He got to the base of the tree and looked up. “What a snarled up mess.” He said aloud. Plus the tree was leaning back away from the side hill, completely backwards from where his lay was.

“####…” He muttered. He turned back and faced the side hill, then pulled a pack of smokes out of his shirt pocket. “Hey Marshal! Marsh! Bring the jacks down here and a ####load of wedges!” Jack had wedges with him, just not enough. He lit a cigarette, and started swamping out the brush around the base of the tree with his axe.

The call came back down the hill, “On the way in five!”

Good, Jack thought to himself. Marsh can bang on wedges and work the jacks while he made the cuts with the saw. Hmm… saw. Might need the big one for this job. Tree was the biggest of the day. “Hey Marsh!” He called back up the hill.

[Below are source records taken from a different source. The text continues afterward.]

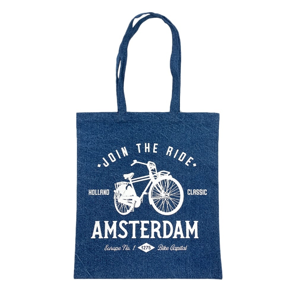 Bag Denim cotton blue bicycle - join the ride Are you looking for a nice and practical Dutch gift? That might be a nice idea. A denim tote bag - so get rid of that plastic.
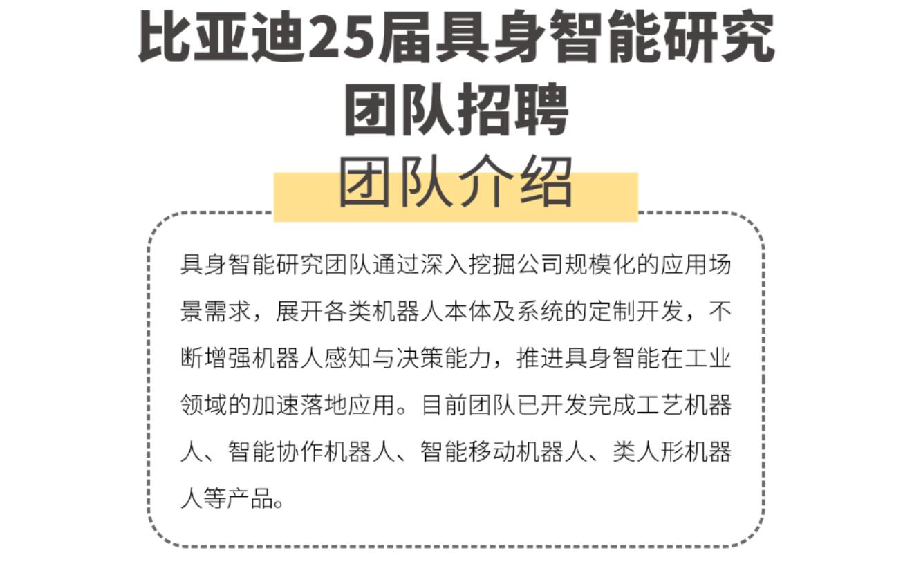 近日,“比亚迪招聘”官方公众号发布25届具身智能研究团队专场招聘信息,宣布面向机器人领域招聘高级算法工程师、高级结构工程师、高级仿真工程师、高级硬件工程师等岗位。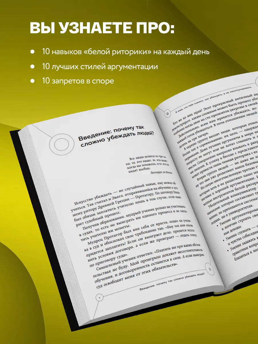 Самый простой способ получить желаемое на переговорах - играть вчестную, считает автор этой книги. Владислав Яхтченко, бизнес-тренер по ораторскому искусству, автор бестселлера «Темное влияние», входит в ТОП-10 лучших докладчиков на мероприятиях TEDx-Redner. Он предлагает в любой коммуникации руководствоваться принципами «белой риторики», которые ведут не к разовой победе, а к долгосрочному сотрудничеству. Автор также делится целым арсеналом инструментов, чтобы вы научились быстро находить аргументы, слышать собеседника и задавать правильные вопросы. Благодаря этой книге вы узнаете про: - 10 навыков «белой риторики» на каждый день; - 10 лучших стилей аргументации; - 10 запретов в споре. ОТЗЫВ: «На удивление структурная книга с НОВЫМИ действенными инструментами переговоров. Практично. Свежо. Ёмко. Отличная база для дополнительного обучения руководителей и переговорщиков». - Петр Кудасов, спикер «Деловой Среды» Сбера, автор книги «У меня все свои. 33 инструмента, которые помогают завести полезные связи и реализоваться в карьере»| Издательство | ООО "Издательство "Эксмо" |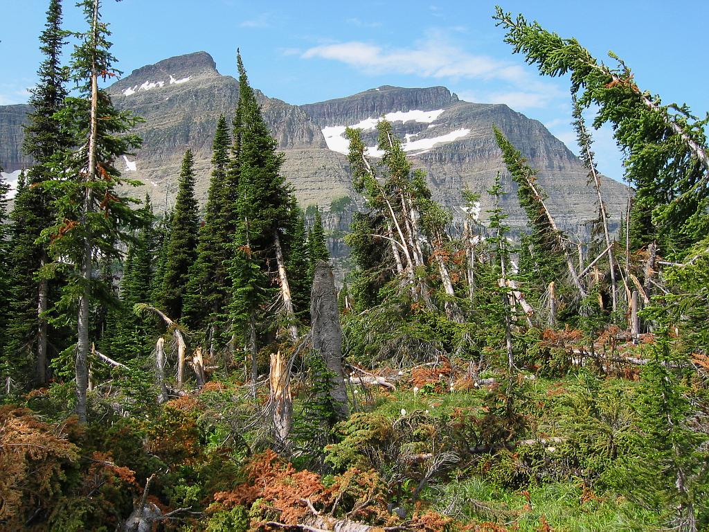 Piegan Peak and the result of a large avalanche.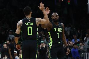杰伦·布朗31+8+8,末节10分稳住胜局,塔图姆19+12+7+3断1帽(真成乔丹皮蓬了),绿军有更强的三分,还在这个夜晚拥有了魔法。

“Yeah?” Marsh hollered back…

“Bring the gear drive. We might need it on this pig!”

“Okay!” Jack was glad he wasn’t packin’ that big SOB down the hill, plus a gunny sack with 2 jacks in it. The gear drive is a McCulloch 890 with a 50” bar on it. Marsh is a tough cookie. He’ll pack it all in one trip. Jack grinned at the thought of Marsh trudging through the brush, and over snags packin’ that thing. Looks like we will earn our pay today he thought.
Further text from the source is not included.